A fuel cell includes a Membrane Electrode Assembly (MEA) having a positive electrode catalyst layer and a negative electrode catalyst layer on both sides of an electrolyte membrane.
Such a catalyst layer may be formed by, after a process of mixing and dispersing a catalyst slurry containing a catalyst and conductive adhesive particles, coating the catalyst slurry on a substrate and transferring to an electrolyte membrane in a dried state.
In order to achieve excellent performance of the membrane electrode assembly, it is important that the catalyst slurry is mixed and dispersed. When the coating step is performed after the dispersion process, the distribution of the catalyst and the pore structure are determined by acting together with the step of transferring the catalyst layer to the electrolyte membrane after that, and thus the path of water generated from the hydrogen ions, electrons, and the anode layer is determined.
Such a path affects the performance of the fuel cell.
In contrast, in the case where the mixing and dispersion state of the catalyst slurry is uneven and the catalyst and the conductive adhesive particles are agglomerated, it is difficult to improve the performance of the fuel cell, and therefore, it is important to solve such a problem in the production process of the membrane electrode assembly and to produce the catalyst slurry maintaining an appropriate mixing and dispersion state.
In order for each additive to function properly in the electrode for a fuel cell, the additive must be present at a target location in the electrode.

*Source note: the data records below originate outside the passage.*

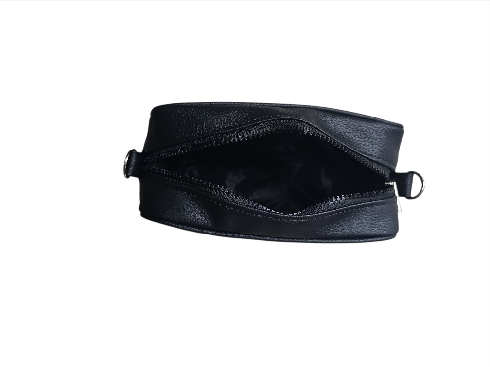 descripcion: bandolera con cierre diente perro con bolcillo ,forrado por dentro ,tira regulable
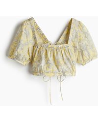 Weiter zu H&MOversized Bluse aus luftiger Baumwolle mit einer Vorderpasse aus Spitze und Raffungen vorn und hinten. Rundausschnitt mit Keyhole-Öffnung und verdecktem Knopf im Nacken. Butterfly-Ärmel mit Spitzenborte an den Abschlüssen. Farbe: natur
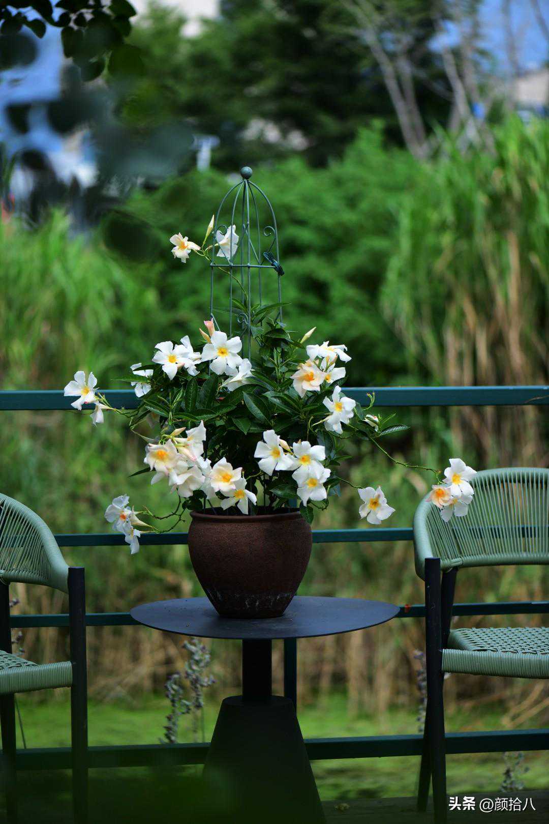 河边的水汽充足,下午4点后就没有西晒太阳了,每天傍晚浇透水,花盆小,第二天又全部干透。这些应该都是这盆飘香藤不断开花的相关因素。
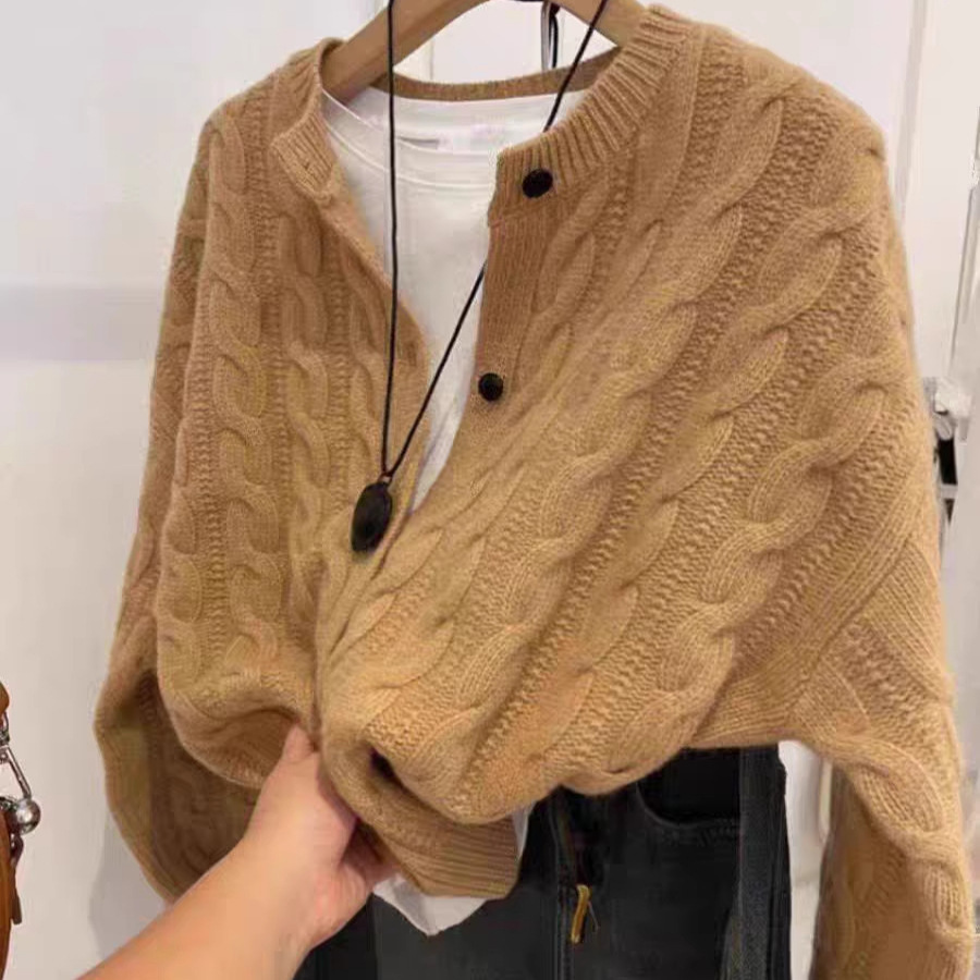 100纯羊毛针织开衫女式圆领外套宽松慵懒风重工复古扭花设计感潮
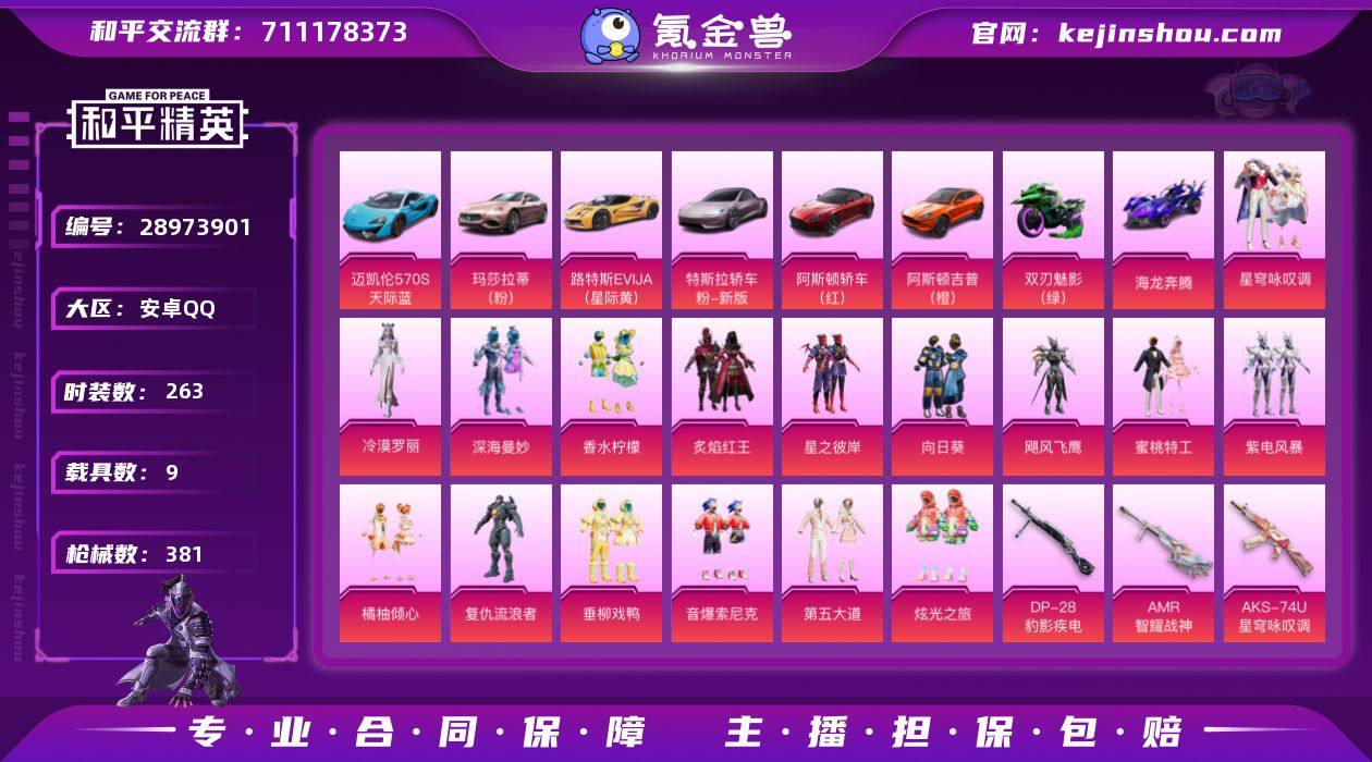 【4满级枪 粉玛莎 8载具 冷漠罗丽 星穹咏叹调 第五大道 炫光之旅 音爆索尼克 垂柳戏鸭 橘柚倾心 梦幻火箭 深海曼妙 蜜桃特工 飓风飞鹰 星之彼岸 香水柠檬 向日葵】可改实名 8载具 19特效枪 17粉装 263套装 381枪械 23王牌印记 138671热力值 双人摩托一双刃魅影(绿) 阿斯顿·马丁DBX(橙) 海龙奔腾 玛莎拉蒂Ghibli(粉) 路特斯EVIJA(星际黄) 僚机-萌免起飞 特斯拉Roadstor(沁心粉) 迈凯伦5705(天际蓝) M762-甜蜜誓约[5级] M24-星之信仰[4级] AKM-炫紫旋律[7级] 汤姆逊-怪笑疯兔[4级] SCAR-L-童趣迷兔[4级] Mini14-荧光虫舞[4级] M416-心之恋语[7级] DP-28-豹影疾电[5级] AMR-智耀战神[6级] MG3-梦幻舞会[7级] AWM-橘柚倾心[4级] AKS-74U-星穹咏叹调[4级] M417-第五大道[4级] Kar98K-绿意幻情[1级] DP-28-枪炮玫瑰[1级] AUG-星之彼岸[7级] GROZA-香水柠檬[4级] DP-28-扶摇飞仙[5级] 冷漠罗丽 星穹咏叹调 第五大道 炫光之旅 音爆索尼克 垂柳戏鸭 复仇流浪者 橘柚倾心 紫电风暴 梦幻火箭 深海曼妙 炙焰红王 蜜桃特工 飓风飞鹰 星之彼岸 香水柠檬 向日葵 N3592 和平精英买号永久包赔带二次营地ID:743686769

In the case where an antioxidant, a reverse voltage inhibitor, and an additive for electrode pore formation and quality improvement are mixed with a structural substance of an electrode at the same time, since each component is not at a desired optimum position but is present at random positions, or each component is not uniformly dispersed, it becomes a resistance factor for degrading performance in a membrane electrode assembly.
Therefore, there is an increasing need for a method of preparing an electrode paste that can solve such a problem.
Prior art literature
Patent literature
Patent document 1:1. korean patent No. 10-1071766 (preparation method and apparatus of catalyst slurry for Fuel cell)
Patent document 2:2. korean patent No. 10-1786674 (mixing/dispersing device of catalyst slurry for fuel cell).
Disclosure of Invention
Accordingly, the present invention has been made to solve the above-mentioned problems, and an object of the present invention is to provide a multi-step electrode slurry preparation method and an electrode for a polymer electrolyte fuel cell, which improve dispersibility of additives and ionomers in the electrode.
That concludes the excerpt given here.